К тому же единомыслие – идеальная база для пропагандистского возбуждения коллективного самопсихоза, а постоянный гнет полностью мифологизированной истории страны непрерывно подогревает социально – психологическое восприятие и идеологических мифов. Поскольку вся история, особенно приближенная к судьбоносному революционному реперу, оказывалась сотканной из мифов, т.е. попросту подогнана под нуж-ную схему, то доступ в нее реальным проблемам и действительным фактам был наглухо закрыт, как, впрочем, и заказаны любые недоуменные вопросы. Люди при подобном воспитании были лишены выбора, они становились самодостаточными фанатами социальной веры и чувствовали в себе неисчерпаемые силы для любых трудовых свершений. Они гордились своей нынешней – пусть и нищей – жизнью, ибо жили они только ради «завтра». А в него они не просто верили, они знали, что оно наступит.

Профессор С.А. Эфиров обобщил все эти прелести, наз-вав их “социальным нарциссизмом” – самолюбованием и самовосхвалением, справедливо посчитав его характерным проявлением тоталитарного режима в самосознании людей. Социальный нарциссизм дает народу уверенность в правильности избранного пути, он поселяет в душе каждого человека гордость за «единственную в мире страну» и за свою сопричастность к ее делам. Он же, покоясь на всеобщем единомыслии, приводит ин-теллект нации к единому знаменателю – все в равной степени твердо убеждены “в обретении единственно универсальной истины” [371].

Сила подобного сознательного и методичного оглупле-ния нации – в том, что осредненные показатели всегда статистически устойчивы и постоянно растут в нужном направлении. Поэтому в целом, за весь народ, коммунисты могли не беспокоиться – он был с ними, а тех же, кто выпадал за пределы статистически надежного сознания, можно было легко распознать и изолировать.

… Глава московской математической школы конца 20-х годов профессор Д.Ф. Егоров на заседании общества марксистов – статистиков (объявилось и такое) 12 октября 1930 г. заявил: “Что вы там толкуете о вредительстве… Худших вредителей, чем вы, товарищи, нет, ибо вы своей пропагандой марксизма стандартизируете мышление” [372]. Профессора, понятное дело, арестовали.

Приведение страны в состояние устойчивого единомыслия как бы мимоходом решало еще одну наиважнейшую для большевиков задачу – формирование общественного мнения. Отпала необходимость в тонких методах его подготовки, ибо прелесть единомыслия в том и состояла, что достаточно было одной передовицы в «Правде», чтобы вся страна в тот же день заговорила ее словами.

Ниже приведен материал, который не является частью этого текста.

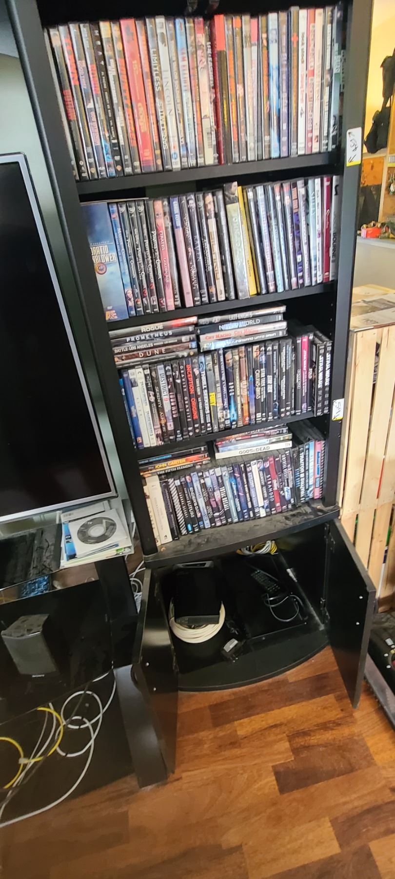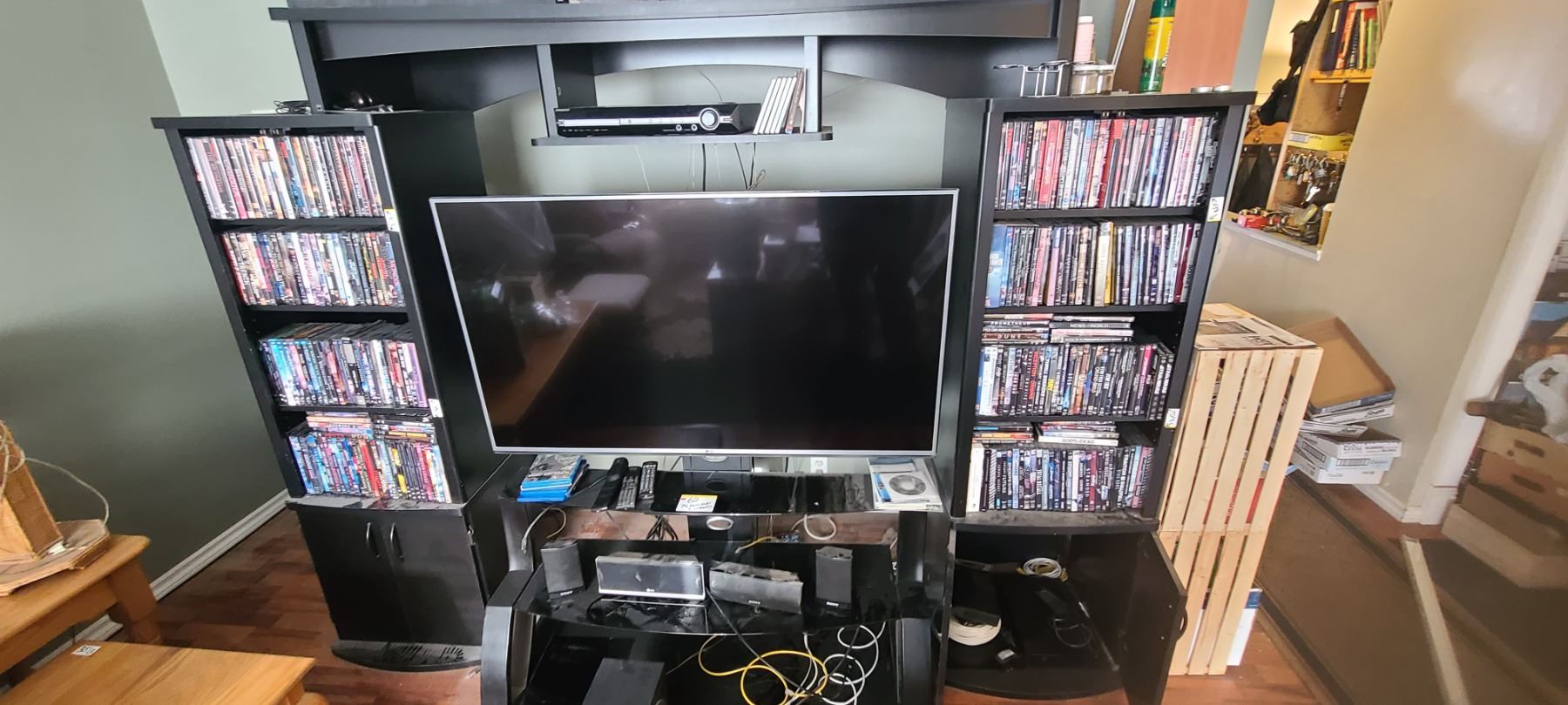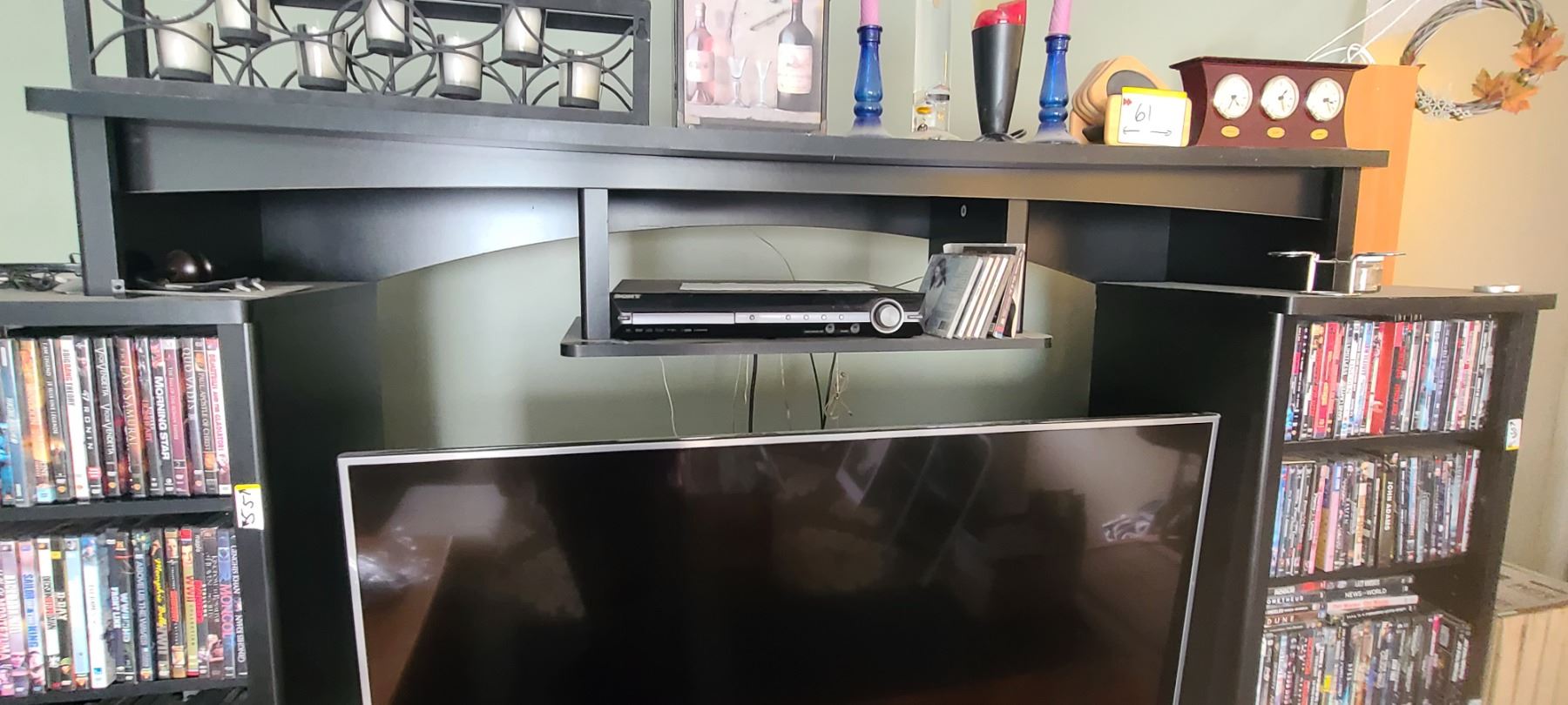 54" LG TV, SONY DVD PLAYER, REMOTES, SPEAKERS, AND TV STAND/CABINET

Немаловажно и то, что тщательной иерархизации постов была поставлена в однозначное соответствие дозировка прав, возможностей и даже конкретных знаний. Вождь знал все и мог все. Его соратники по Политбюро обладали привилегией единственно верного понимания любой доктрины, в том числе и естественнонаучной. Чуть ниже – обласканная властью научная номенклатура, она имела возможность подстраивать правильное толкование теории под сиюминутные потребности дня. Еще ниже – армада беспинципных разносчиков этих истин (пропаган-дистов и агитаторов), доносивших высочайше дозволенное знание до миллионов единомысленников. Ну, а те, озверев от просветления, были готовы разорвать в клочья тугодумов, не понимавших очевидного.

Когда мысль отсечена, то за истину можно было выдать любое шарлатанство: и философское, и историческое, и естественнонаучное. Что и делалось с большим успехом.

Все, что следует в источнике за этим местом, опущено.